*** Data provided ***

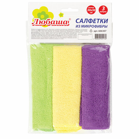 Салфетки из МИКРОФИБРЫ универсальные 30х30 см, КОМПЛЕКТ 3 шт., ассорти, 220 г/м2, ЛЮБАША ПЛЮС, 606307
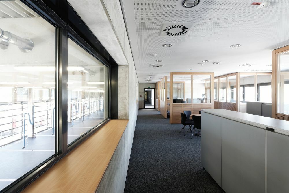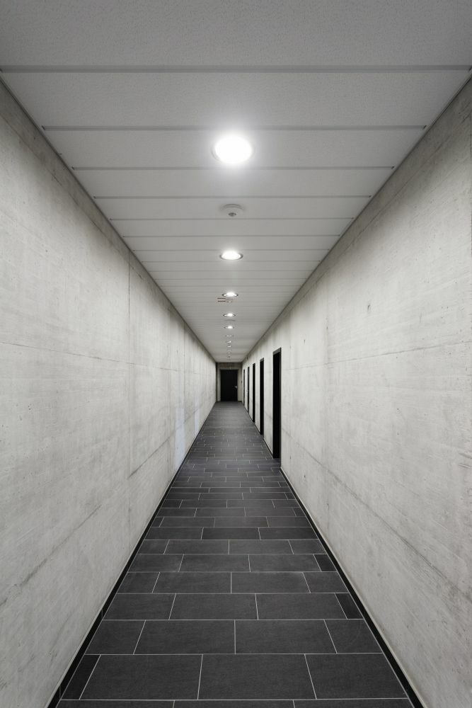 Um den funktionellen Aspekt des Stützpunktes zu unterstreichen, werden die Wände im Regelfall nicht zusätzlich mit einem Belag versehen; im gesamten Stützpunkt kommt Sichtbeton als Finishbelag zum Tragen.
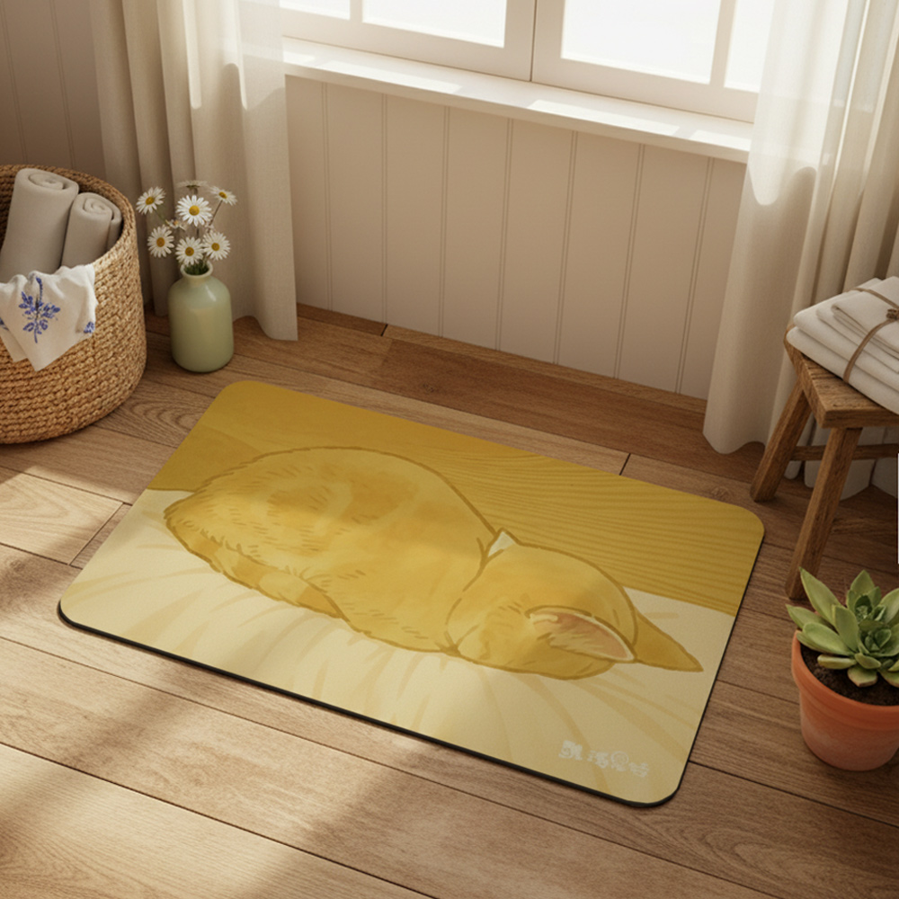 【怪獸】瑪思特 軟式珪藻土吸水地墊 睡癱貓系列 (60x40cm) -斷線貓

*** End of Data provided ***

- [Task details]:
Copy each line above precisely, dropping the pictures.

- [Exercise answer]:
 Салфетки из МИКРОФИБРЫ универсальные 30х30 см, КОМПЛЕКТ 3 шт., ассорти, 220 г/м2, ЛЮБАША ПЛЮС, 606307
 Um den funktionellen Aspekt des Stützpunktes zu unterstreichen, werden die Wände im Regelfall nicht zusätzlich mit einem Belag versehen; im gesamten Stützpunkt kommt Sichtbeton als Finishbelag zum Tragen.
 【怪獸】瑪思特 軟式珪藻土吸水地墊 睡癱貓系列 (60x40cm) -斷線貓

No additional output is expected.